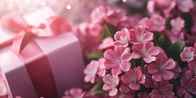 Bunch of pink flowers and wrapped gifts background, a charming arrangement of delicate pink blooms paired with elegantly wrapped presents, evoking a sense of celebration and joy.
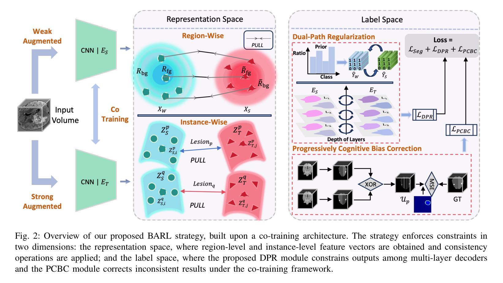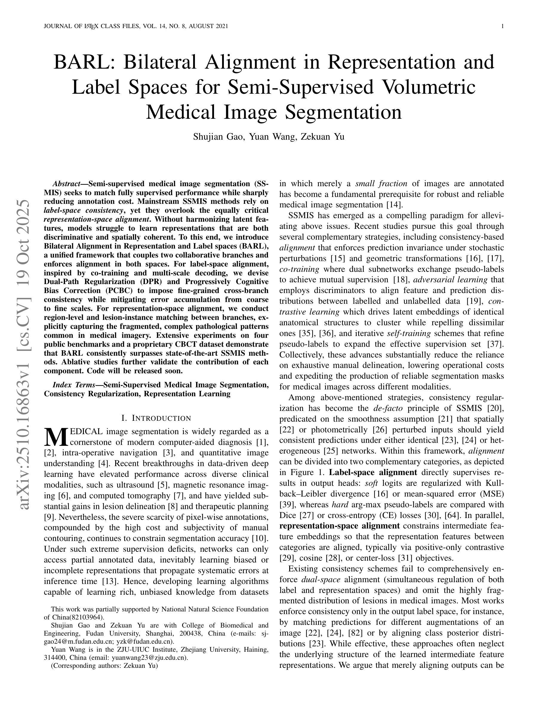 半监督医学图像分割(SSMIS)旨在实现与全监督方法相当的性能,同时大大降低标注成本。当前主流方法依赖于标签空间一致性,但忽略了表示空间对齐同样重要。本文提出BARL(双边对齐表示和标签空间)框架,通过两个协作分支实现两个空间的协同对齐。对于标签空间对齐,本文受到协同训练和多尺度解码的启发,设计了双路径正则化和渐进认知偏差校正,以实现精细跨分支一致性并减少从粗到细尺度的误差累积。对于表示空间对齐,本文在分支间进行区域级别和病变实例匹配,明确捕捉医学图像中常见的碎片化、复杂病理模式。在多个公共基准测试和专有CBCT数据集上的广泛实验表明,BARL性能超越现有SSMIS方法。
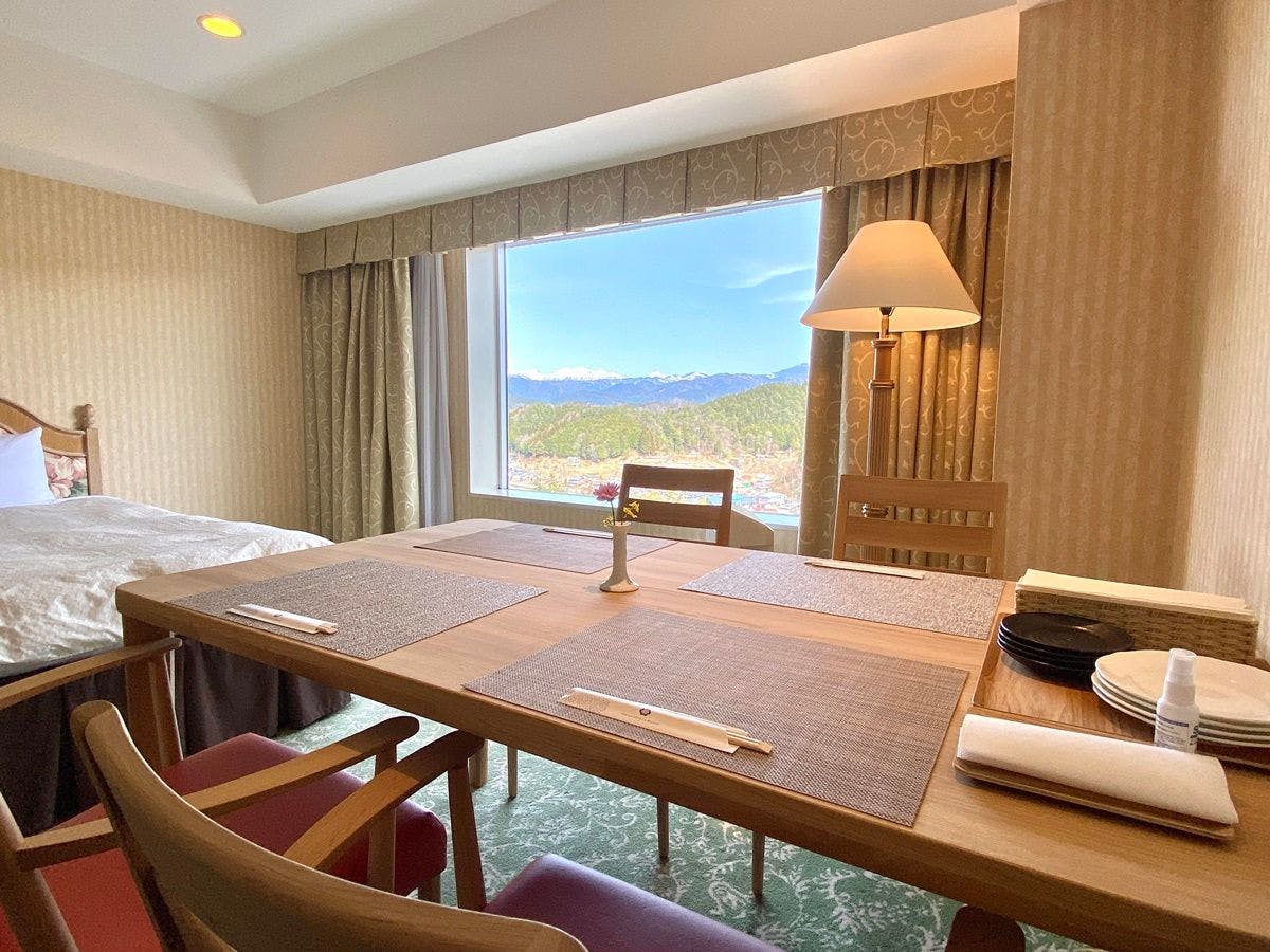純和風でありながらも、ヨーロピアンエレガンスが味わえる贅沢な空間は、居ながらにして高山の自然が満喫できます。
-.-.-
Please retype the data exactly, but do not carry over any picture.

 Bunch of pink flowers and wrapped gifts background, a charming arrangement of delicate pink blooms paired with elegantly wrapped presents, evoking a sense of celebration and joy.
 半监督医学图像分割(SSMIS)旨在实现与全监督方法相当的性能,同时大大降低标注成本。当前主流方法依赖于标签空间一致性,但忽略了表示空间对齐同样重要。本文提出BARL(双边对齐表示和标签空间)框架,通过两个协作分支实现两个空间的协同对齐。对于标签空间对齐,本文受到协同训练和多尺度解码的启发,设计了双路径正则化和渐进认知偏差校正,以实现精细跨分支一致性并减少从粗到细尺度的误差累积。对于表示空间对齐,本文在分支间进行区域级别和病变实例匹配,明确捕捉医学图像中常见的碎片化、复杂病理模式。在多个公共基准测试和专有CBCT数据集上的广泛实验表明,BARL性能超越现有SSMIS方法。
純和風でありながらも、ヨーロピアンエレガンスが味わえる贅沢な空間は、居ながらにして高山の自然が満喫できます。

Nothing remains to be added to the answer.